In the records below, the lines between the one holding "団体種目では,学年・縦割りで声を掛け合いながら大縄を跳びました。" and the one holding "t恤女一字肩斜领露肩气质设计感上衣 两穿短袖 pusumede 随性自在", inclusive, are to be transcribed exactly; no pictures are to be included.

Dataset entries
================

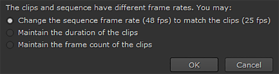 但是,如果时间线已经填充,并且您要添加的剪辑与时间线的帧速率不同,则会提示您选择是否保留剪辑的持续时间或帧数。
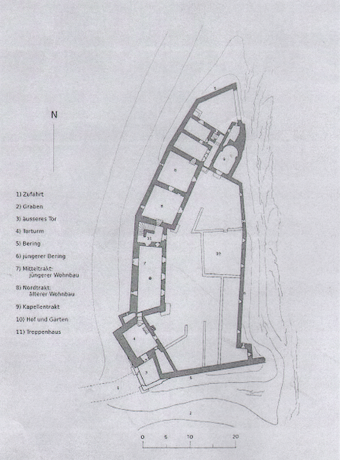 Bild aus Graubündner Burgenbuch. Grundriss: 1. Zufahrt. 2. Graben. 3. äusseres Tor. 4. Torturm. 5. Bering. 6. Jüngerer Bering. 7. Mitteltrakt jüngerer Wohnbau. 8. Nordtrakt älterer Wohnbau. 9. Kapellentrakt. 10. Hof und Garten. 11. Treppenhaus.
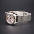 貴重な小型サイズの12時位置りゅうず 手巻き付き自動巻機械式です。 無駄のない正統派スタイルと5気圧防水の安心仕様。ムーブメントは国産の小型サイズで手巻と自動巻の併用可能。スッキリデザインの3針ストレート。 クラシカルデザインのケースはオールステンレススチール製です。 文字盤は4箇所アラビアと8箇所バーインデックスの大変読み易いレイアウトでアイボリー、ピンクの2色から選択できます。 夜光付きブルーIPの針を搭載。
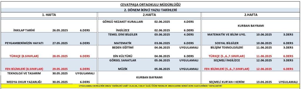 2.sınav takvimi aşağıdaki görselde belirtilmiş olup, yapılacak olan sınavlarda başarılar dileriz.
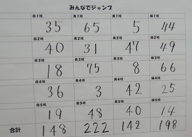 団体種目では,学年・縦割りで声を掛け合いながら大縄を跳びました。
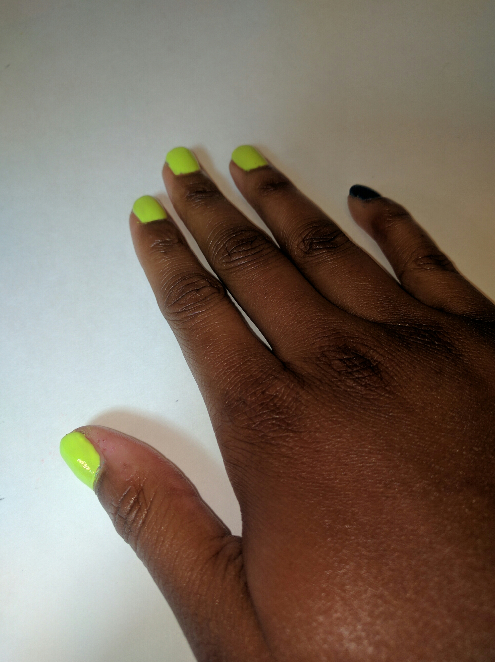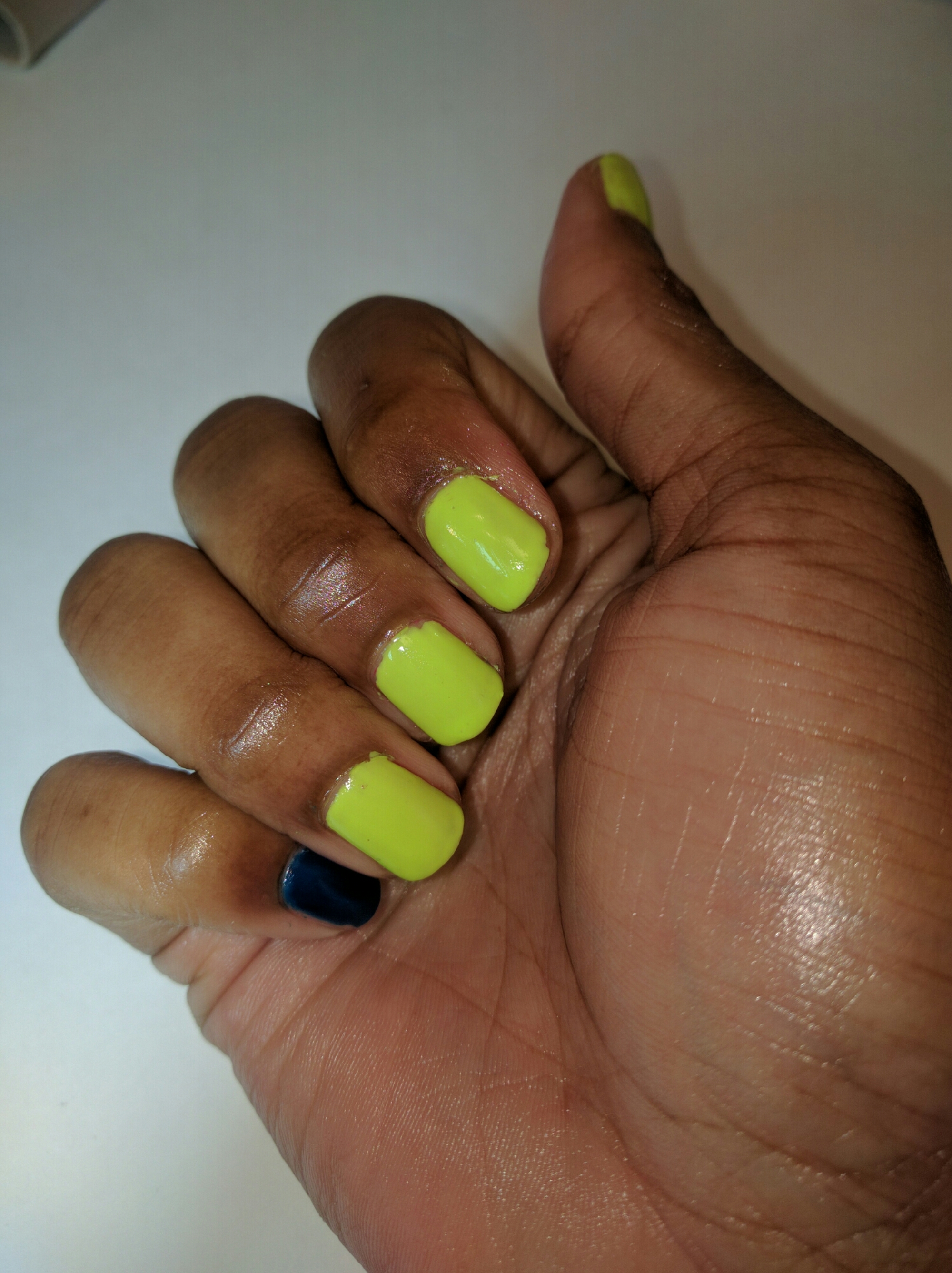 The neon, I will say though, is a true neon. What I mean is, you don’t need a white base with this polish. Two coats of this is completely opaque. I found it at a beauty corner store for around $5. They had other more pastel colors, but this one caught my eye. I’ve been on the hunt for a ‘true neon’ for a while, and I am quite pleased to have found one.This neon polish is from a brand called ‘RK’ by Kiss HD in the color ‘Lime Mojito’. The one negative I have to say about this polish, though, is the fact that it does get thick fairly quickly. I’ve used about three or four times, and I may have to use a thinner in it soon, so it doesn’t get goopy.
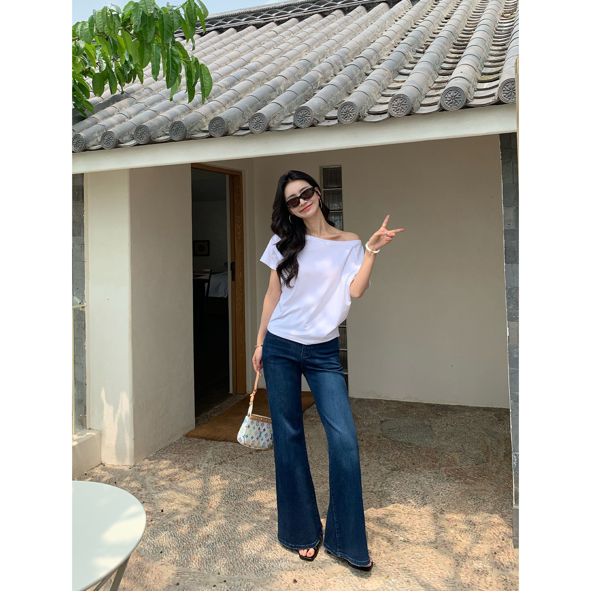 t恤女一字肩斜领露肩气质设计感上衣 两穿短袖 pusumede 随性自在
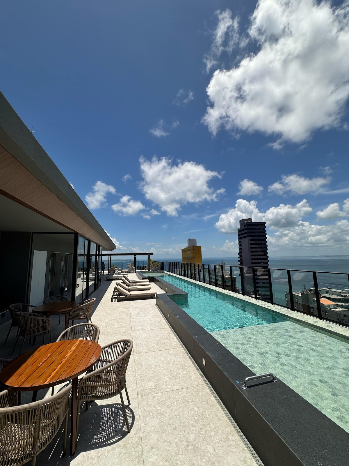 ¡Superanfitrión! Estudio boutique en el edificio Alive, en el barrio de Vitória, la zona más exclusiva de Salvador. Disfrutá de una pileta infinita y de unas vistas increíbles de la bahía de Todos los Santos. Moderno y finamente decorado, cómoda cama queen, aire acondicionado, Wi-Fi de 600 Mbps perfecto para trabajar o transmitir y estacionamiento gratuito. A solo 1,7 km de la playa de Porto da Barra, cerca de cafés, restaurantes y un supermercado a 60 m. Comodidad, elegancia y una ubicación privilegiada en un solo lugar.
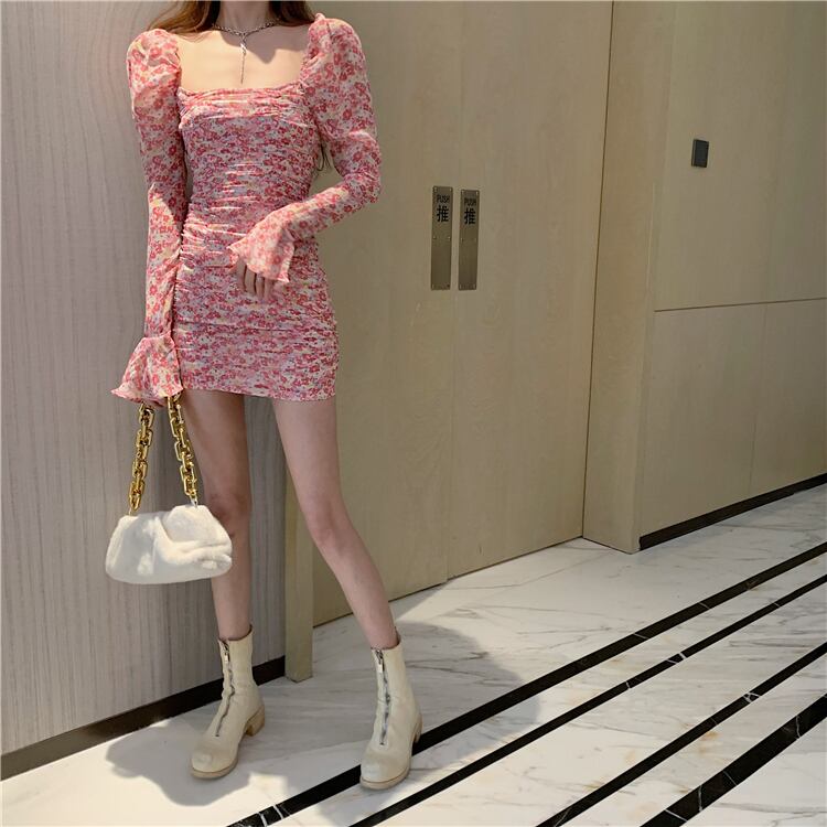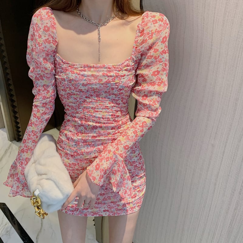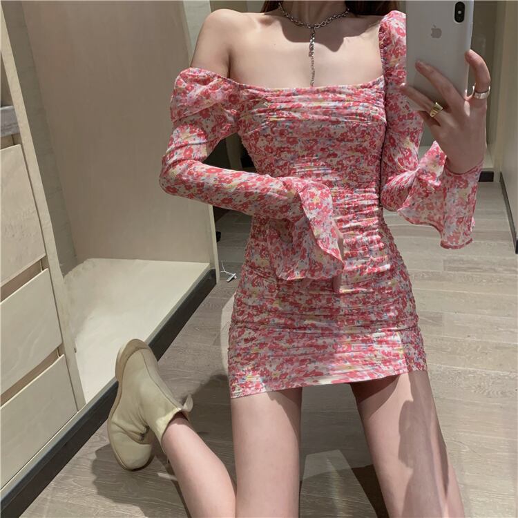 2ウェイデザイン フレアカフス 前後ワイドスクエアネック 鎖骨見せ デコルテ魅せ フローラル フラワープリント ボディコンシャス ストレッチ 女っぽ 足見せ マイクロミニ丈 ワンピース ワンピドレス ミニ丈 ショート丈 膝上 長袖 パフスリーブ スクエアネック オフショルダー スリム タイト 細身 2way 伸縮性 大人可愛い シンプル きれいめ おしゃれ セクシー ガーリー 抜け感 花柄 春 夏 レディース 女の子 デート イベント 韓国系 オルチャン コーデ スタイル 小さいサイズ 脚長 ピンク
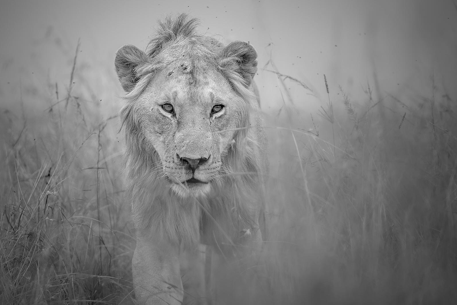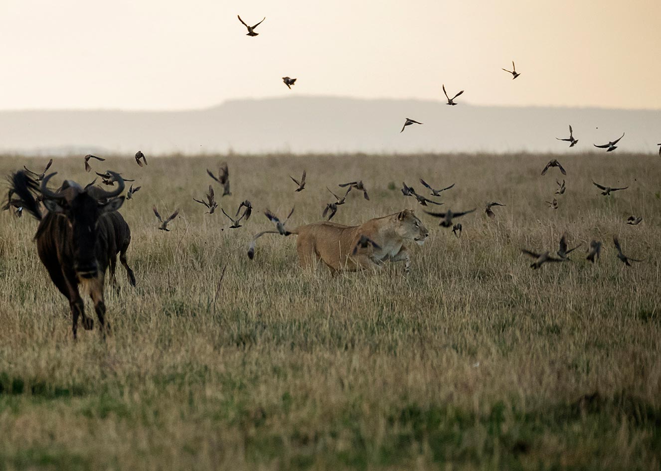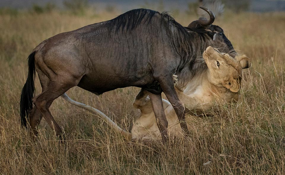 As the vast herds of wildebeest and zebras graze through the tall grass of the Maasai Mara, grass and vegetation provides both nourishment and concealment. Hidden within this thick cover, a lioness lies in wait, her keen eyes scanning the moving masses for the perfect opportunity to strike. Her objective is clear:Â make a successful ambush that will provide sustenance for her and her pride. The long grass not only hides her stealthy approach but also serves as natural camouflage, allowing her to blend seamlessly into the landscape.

================

» **RESULT OF THIS EXERCISE**
 団体種目では,学年・縦割りで声を掛け合いながら大縄を跳びました。
 The neon, I will say though, is a true neon. What I mean is, you don’t need a white base with this polish. Two coats of this is completely opaque. I found it at a beauty corner store for around $5. They had other more pastel colors, but this one caught my eye. I’ve been on the hunt for a ‘true neon’ for a while, and I am quite pleased to have found one.This neon polish is from a brand called ‘RK’ by Kiss HD in the color ‘Lime Mojito’. The one negative I have to say about this polish, though, is the fact that it does get thick fairly quickly. I’ve used about three or four times, and I may have to use a thinner in it soon, so it doesn’t get goopy.
 t恤女一字肩斜领露肩气质设计感上衣 两穿短袖 pusumede 随性自在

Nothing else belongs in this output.